Including Additional - New Primary causes multiple samples per patient, so scratch it.

dhimmel commented 8 years ago

In fb1ae155240c4383b227b86a1e20b33ce46e9fb1, samples whose type was "Primary Blood Derived Cancer - Peripheral Blood" were retained. This increased the number of samples from 10593 to 10793 while maintaining patient uniqueness.

However, it seems that 200 added "acute myeloid leukemia" samples were missing mutation or expression data, as no new samples were added to the datasets. @gwaygenomics does this sound right?

dhimmel commented 8 years ago

As a general comment, while I think it is definitely good for the ML group to have a single dataset that everyone is working on, restricting it like this may not be the optimal solution. Eventually the data will need to be more fluid and subset on the fly depending on different rules which we will need to define later. (e.g. Unsupervised feature construction should not remove gene expression samples that don't have mutation status)

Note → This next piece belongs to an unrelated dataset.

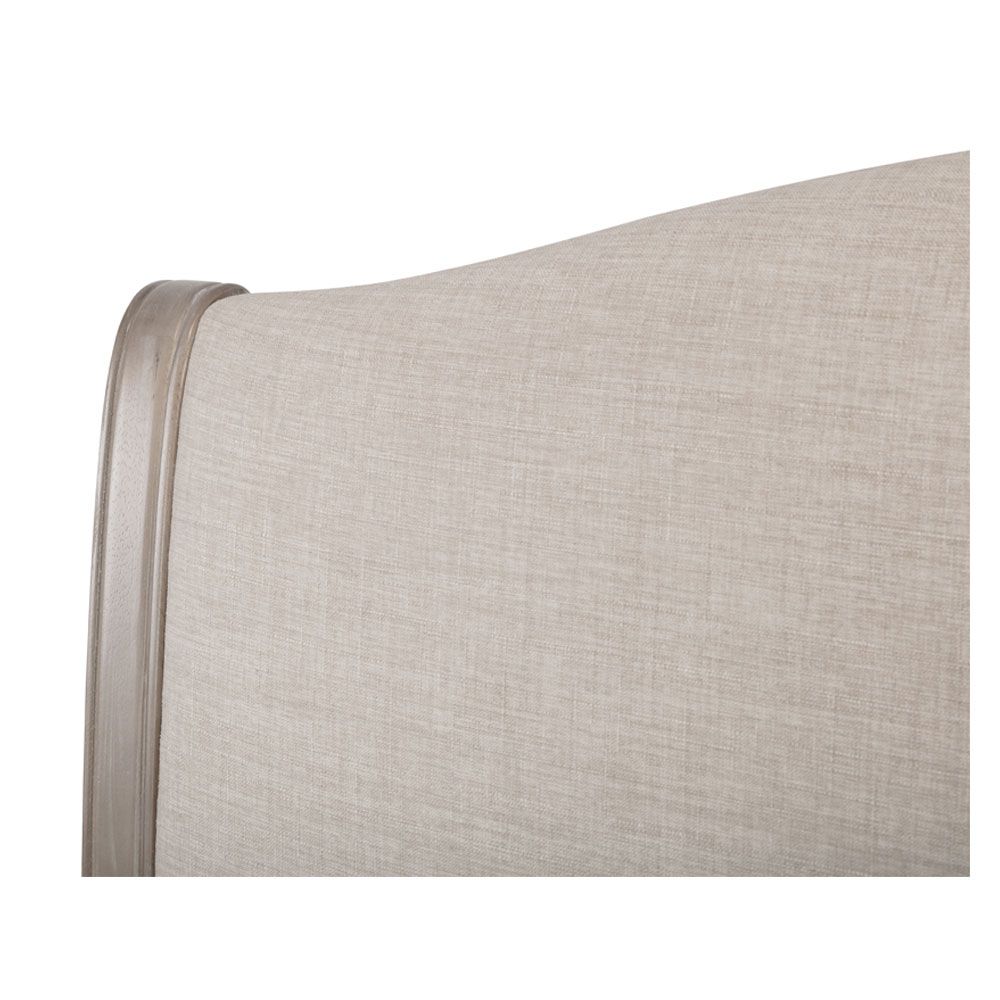 The frame is finished in a limed oak effect, with a soft upholstered headboard covered in an oatmeal linen fabric. The Camille Bed is available in 135cm Double, 150cm King, and 180cm super king sizes.

Yeah, saving unsubsetted datasets is always a good idea, but I've been holding out to avoid confusion and since we don't have a good LFS solution currently. I therefore advocate for adding these files on an as-needed basis.

In the meantime, here's the expression deficit were dealing with. There are 9,283 unique patients in the expression dataset. Our filtering whittles down the number of unique patients/samples to 7,306. So for some applications the 2k additional samples may matter (especially if you desire non-carcinogenic expression signatures).

Still outstanding is how to filter the full dataset to one sample per patient (or whether this is even necessary) for unsupervised feature construction.

gwaybio commented 8 years ago

However, it seems that 200 added "acute myeloid leukemia" samples were missing mutation or expression data, as no new samples were added to the datasets. @gwaygenomics does this sound right?

I have directly worked with this AML data before - not sure why it would be missing here. I think it may have to do with Xena version inconsistencies.

There are 9,283 unique patients in the expression dataset.

For now...I haven't been advocating much for dataset refinement because I know it will be updated once the main TCGA papers are published and protected data are unembargoed. There's definitely lots of value in what we have been doing, but the scripts will need to be rerun once new (frozen) data are released.

Let's get this merged so people can begin playing with the cleaner clinical data matrix!

dhimmel commented 8 years ago

I uploaded the datasets from this release to figshare: https://doi.org/10.6084/m9.figshare.3487685.v4

gwaybio commented 8 years ago

It looks like the filename is samples.tsv - should it be samples.tsv.bz2?

dhimmel commented 8 years ago

@gwaygenomics, samples.tsv is not bzip2 compressed.

dhimmel commented 8 years ago

Regarding the lack of samples with "acute myeloid leukemia" in the aligned dataset: Of the 200 "acute myeloid leukemia" samples, 173 had expression data had 0 have mutation data. According to @gwaygenomics:

I have directly worked with this AML data before - not sure why it would be missing here. I think it may have to do with Xena version inconsistencies.

Therefore this issue sounds like #16, where a past PANCAN_mutation version contained mutations for additional samples. CCing @jingchunzhu in case the lack of mutation data for AML samples is an upstream bug.

jingchunzhu commented 8 years ago

​I assume you are using the mutationVector format data? not the gene-level non-silent mutation data.

AML data has only been called on hg18, not on hg19 genomes. The single mutationVector dataset needs to be coherent in terms of the genomic positions, all on hg19. Typically it is also not a good idea to map SNVs between genomes. It is best to re-align reads and re-call mutations on a new genome.

dhimmel commented 8 years ago

@jingchunzhu, we're using the PANCAN_mutation dataset, which is variant level rather than gene level. The online documentation states:

TCGA pan-cancer somatic mutation data compiled from all TCGA cohorts where hg19 mutation calls are available.

So it makes sense that AML samples are omitted because they haven't been called on hg19.